You are asked to reproduce the listing exactly and to omit its pictures.
(Record set begins)
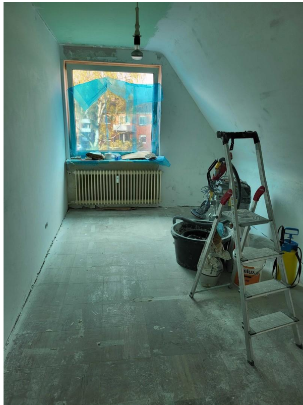
Zimmer 3/ Schlafzimmer
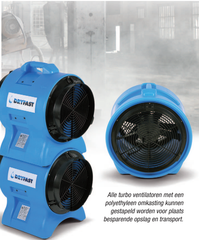
Alle turbo ventilatoren met een polyethyleen omkasting kunnen gestapeld worden voor plaats besparende opslag en transport.
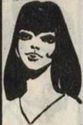
رقم ٣ - الهام من لبنان
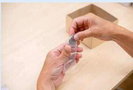
★封入作業をしています。
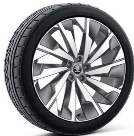
21" Supernova antracīta vieglmetāla diski
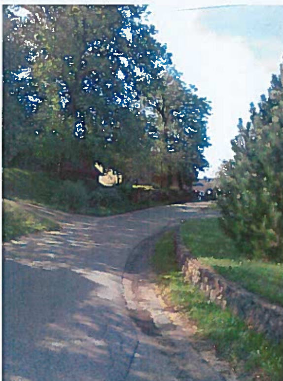
Slike 26 - 29: delo komisije – Vrh pri Ljubnu
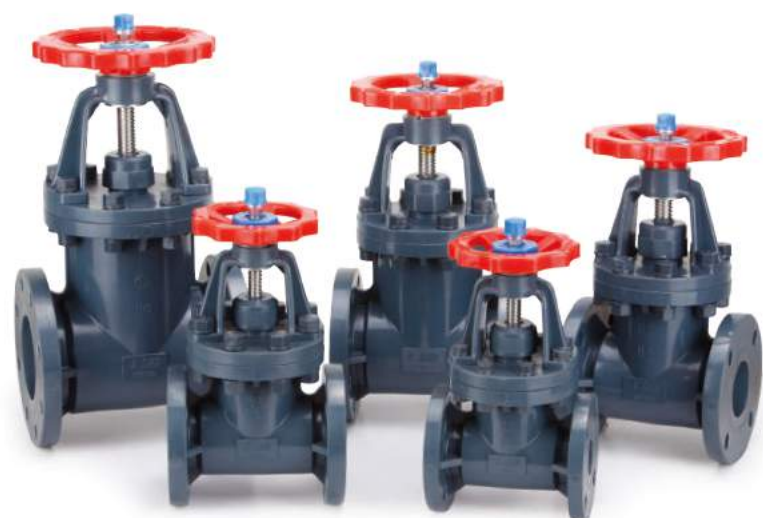
闸阀 / 閘閥
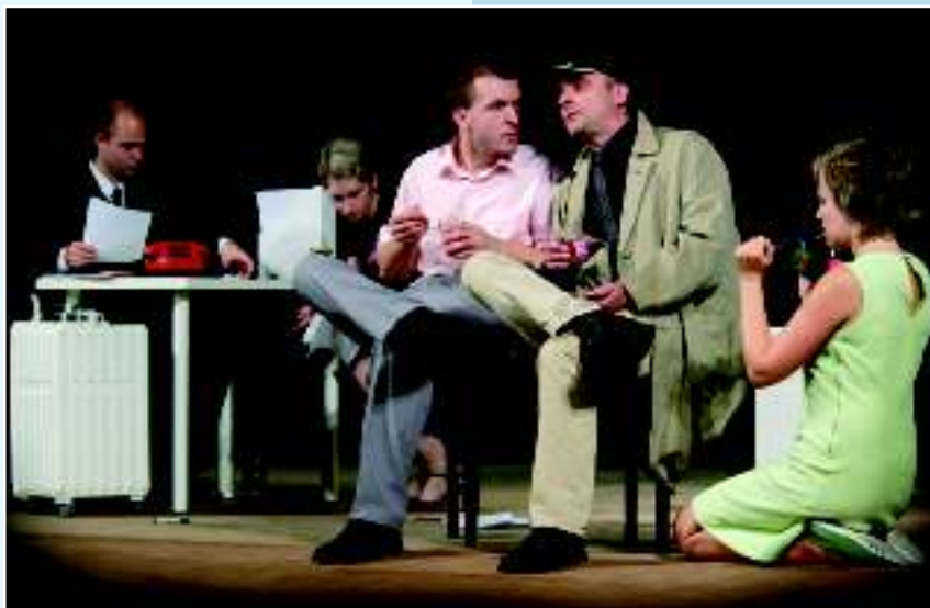
Постановка спектакля «Гротеск», режиссер Петр Леба, 1985 г.
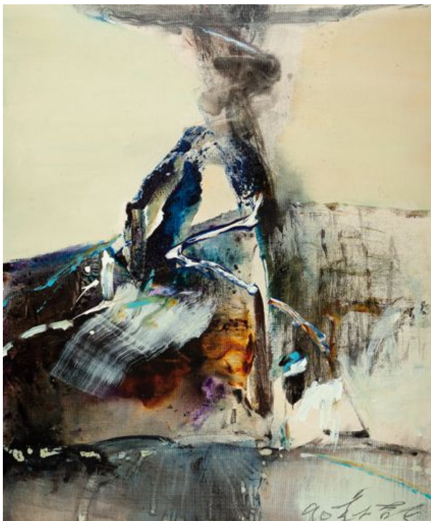
Chuang Che Composition, 1990 Acrylique et huile sur canvaset Signé et daté bas droite - 60 x 50 cm
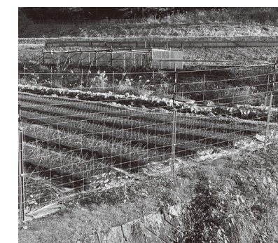
金網柵と電気柵を組み合わせた複合柵
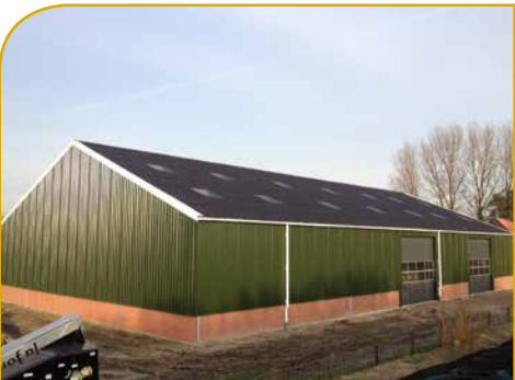
Maatschap Wit Driehuizen
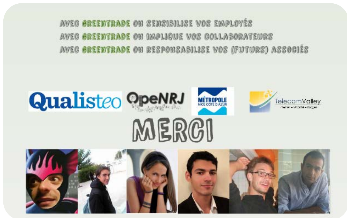
Figure 3 : Le concept Greentrade développé lors du Smart App Contest

L'équipe « GreenTrade » a été récompensée par le double Prix CASA/OpeNRJ/CSTB – Incubateur PACA Est/ENERGEIA.
(Record set ends)
## Result of the task:
Zimmer 3/ Schlafzimmer
Alle turbo ventilatoren met een polyethyleen omkasting kunnen gestapeld worden voor plaats besparende opslag en transport.
رقم ٣ - الهام من لبنان
★封入作業をしています。
21" Supernova antracīta vieglmetāla diski
Slike 26 - 29: delo komisije – Vrh pri Ljubnu
闸阀 / 閘閥
Постановка спектакля «Гротеск», режиссер Петр Леба, 1985 г.
Chuang Che Composition, 1990 Acrylique et huile sur canvaset Signé et daté bas droite - 60 x 50 cm
金網柵と電気柵を組み合わせた複合柵
Maatschap Wit Driehuizen
Figure 3 : Le concept Greentrade développé lors du Smart App Contest

L'équipe « GreenTrade » a été récompensée par le double Prix CASA/OpeNRJ/CSTB – Incubateur PACA Est/ENERGEIA.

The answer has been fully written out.